Leandro Giribaldi presenta, per la rassegna “Che cos’é il Cinema“
CAPPELLO A CILINDRO
(Top Hat, 1935)
REGIA: Mark Sandrich
SOGGETTO: Dwight Taylor, Karoly Noty
SCENEGGIATURA: Allan Scott, Dwight Taylor
FOTOGRAFIA: David Abel
MUSICHE: Irving Berlin
PRODUZIONE: RKO
INTERPRETI: Fred Astaire, Ginger Rogers, Edward Everett Horton
ORIGINE: USA; DURATA: 101’
Il ballerino americano Jerry Travers (Astaire) si trova a Londra per partecipare ad uno spettacolo organizzato dal produttore Hardwick (Horton). In albergo Travers improvvisa un numero di tip-tap facendo svegliare una ragazza (Rogers) che si trova in una camera al piano sottostante.
Dopo l’avvento del sonoro (Il cantante di jazz, 1927), musica e dialoghi diventano i protagonisti nel cinema del decennio successivo. L’operetta e il musical, due generi rappresentativi di un cinema di pura finzione, eppure, o forse proprio per questo, manifestazioni di straordinario successo: Cappello a cilindro è il maggior incasso del 1935.
Ma se l’operetta a metà anni Trenta ha praticamente esaurito il suo repertorio, il musical conosce il momento della sua massima popolarità. È in questo contesto che si colloca Cappello a cilindro, uno dei musical più belli e famosi di tutti i tempi, con la coppia per antonomasia del genere: Fred Astaire e Ginger Rogers.

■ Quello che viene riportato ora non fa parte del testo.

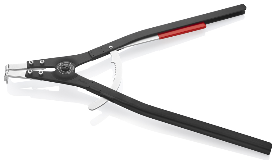 46 20 A61 Kliešte na poistné krúžky S blokovacím mechanizmom, môže byť uvoľnený. S vymeniteľnými špičkami vyrobenými z tvrdenej ocele. čierne popráškované. DIN 5254 B; špičky zahnuté v uhle 90°. - Veľkosť hriadeľa: Ø 252 – 400mm - Hroty (priemer): 4,5mm
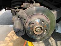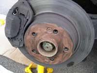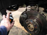 To clean them we purchased some brake cleaning fluid. All you do is soak the disc and pads and watch the dirty drip off. Easy to do and does make a difference to your brakes (if only for a short time). While each wheel is off you can check the brake lines for any sign of leaks.
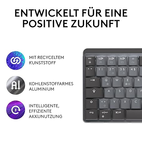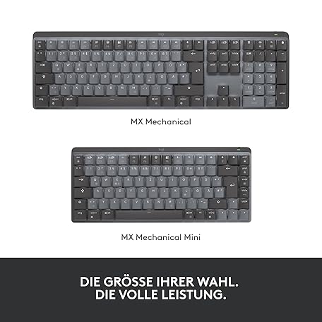 Sản phẩm Logitech MX Mechanical Wireless Mini Keyboard with Lighting, Tactile Silent Keys, Backlight, Bluetooth, USB-C, MacOS, Windows, Linux, iOS, Android, Metal, German QWERTZ - Grey đang được bán với giá ưu đãi là $147.7168 tại nước Đức.
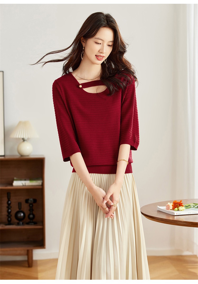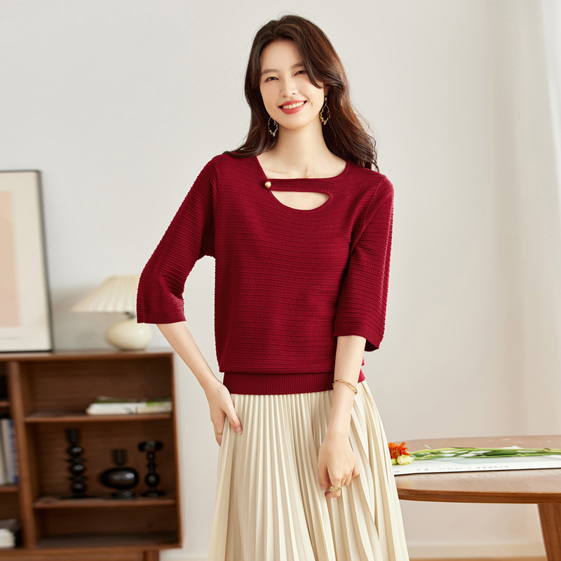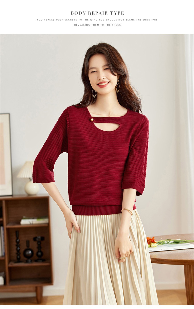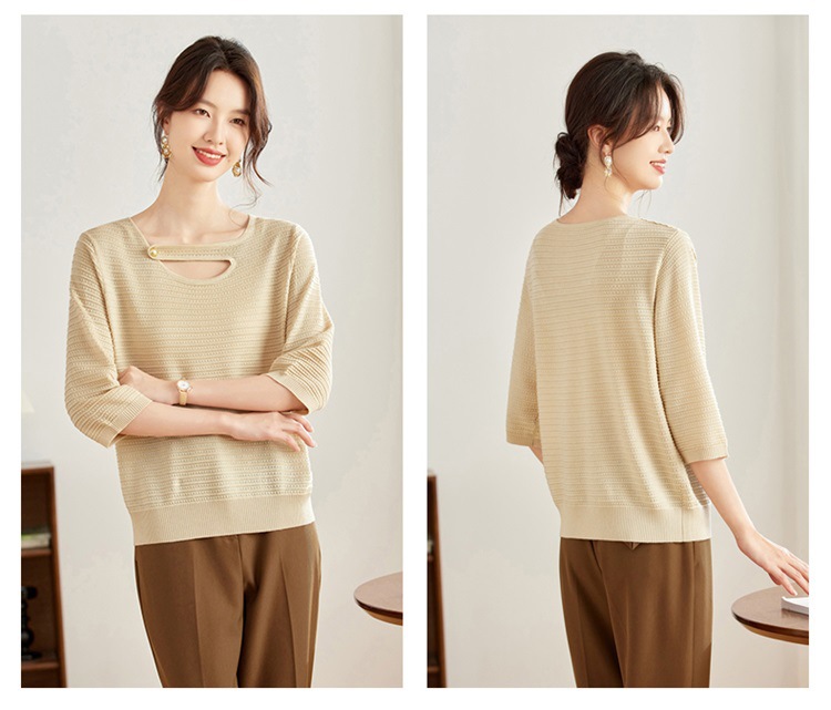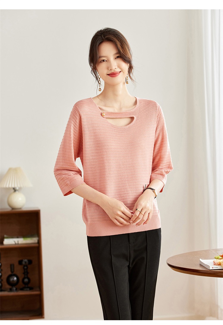 V领中袖上衣,设计感洋气针织衫CC- 16-9003
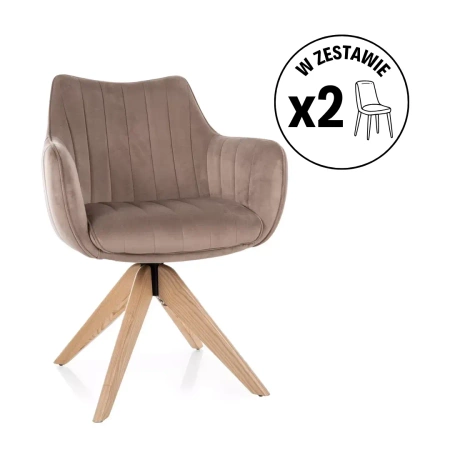 Zestaw 2 krzeseł Azalia D Velvet ciemny beżowy jesion
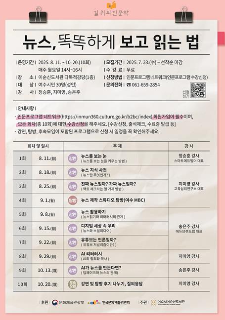 일반 인문 프로그램인 ‘길 위의 인문학’은 ‘뉴스 똑똑하게 보고 읽는 법’을 주제로 8월 11일부터 10월 20일까지 총 10회 진행된다.
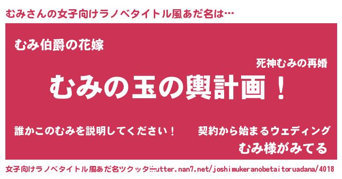 | 男性向けラノベタイトル風あだ名 | 『むみ~年齢イコール彼女いない歴の魔法使い~』 |
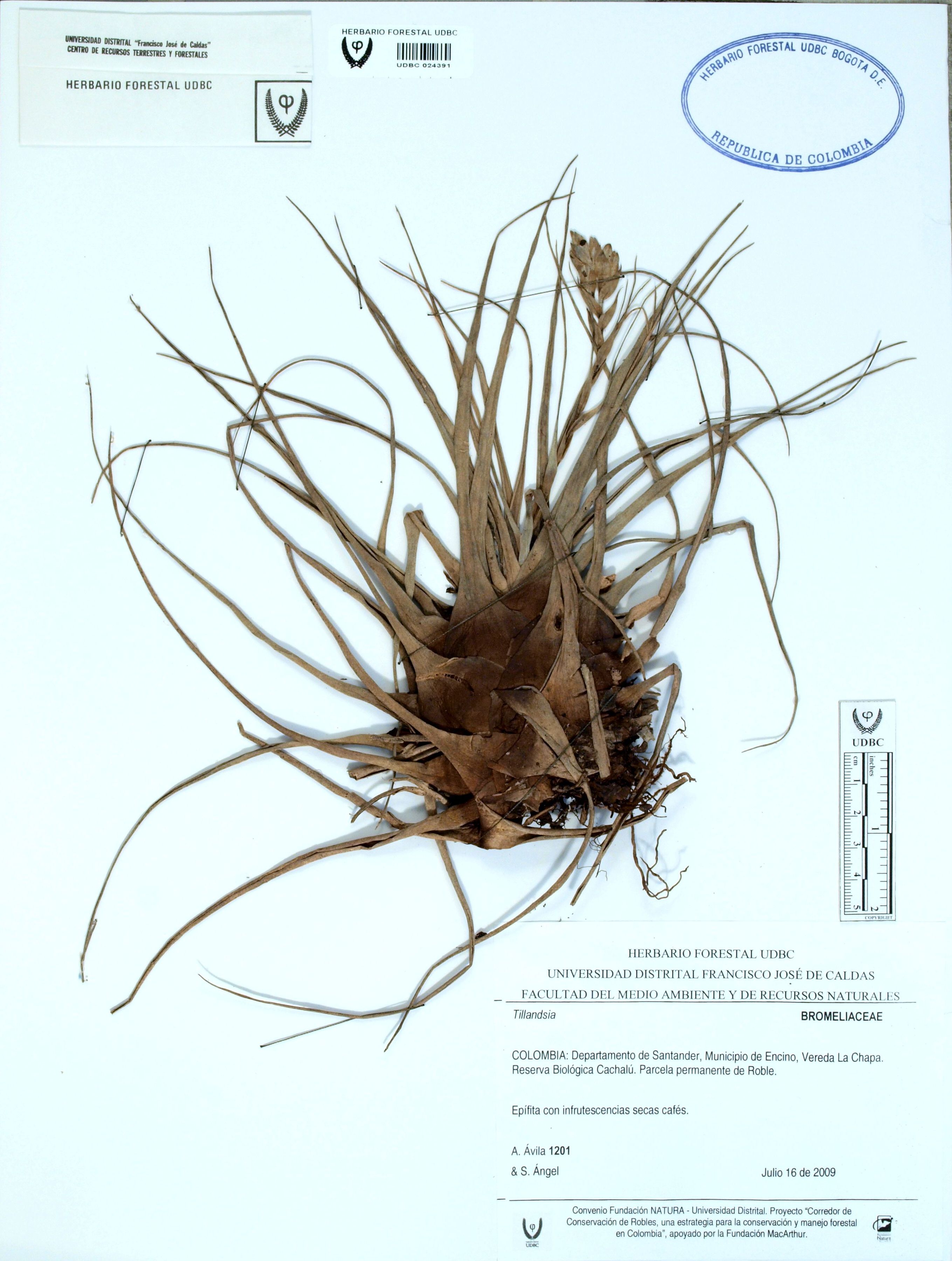 Fotografía del ejemplar Ávila, A. 1201, determinado como Tillandsia sp.
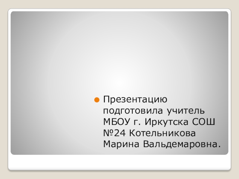 Слайд 6Презентацию подготовила учитель МБОУ г. Иркутска СОШ №24 Котельникова Марина Вальдемаровна.
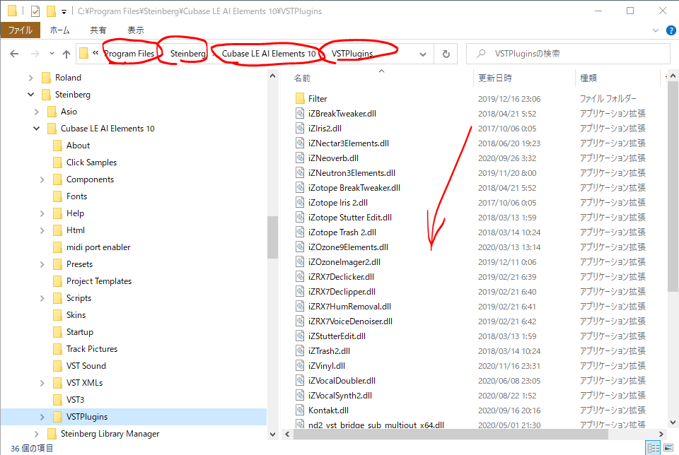 CUBASEのVSTを入れるべきフォルダを探します。
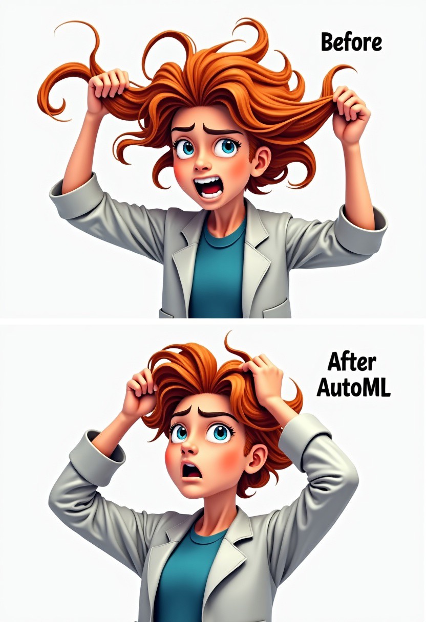 A fun, image meme "before and after" meme illustrating a data scientist pulling their hair out and very stressed and angry and a text "before AutoML", the other part where we see text: "after AutoML" showing a relaxed version and happy version of the same scientist after AutoML.

In una Londra improbabile ricostruita genialmente dallo scenografo Van Nest Polglase, i due si bisticciano e si innamorano, volteggiando sulle ali della musica deliziosa di Irving Berlin (indimenticabili le canzoni Cheek to Cheek e The Piccolino).
Il regista Sandrich, che diresse la coppia Astaire-Rogers in altri celebri film del periodo come Seguendo la flotta, Voglio danzare con te, Girandola, dirige la commedia musicale con maestria, aiutato anche da caratteristi notevoli come il “lubitschiano” Edward E. Horton. E la sua cinepresa, che danza insieme ai ballerini, li inquadra sempre in figura intera e se possibile in piano-sequenza per non spezzare le coreografie.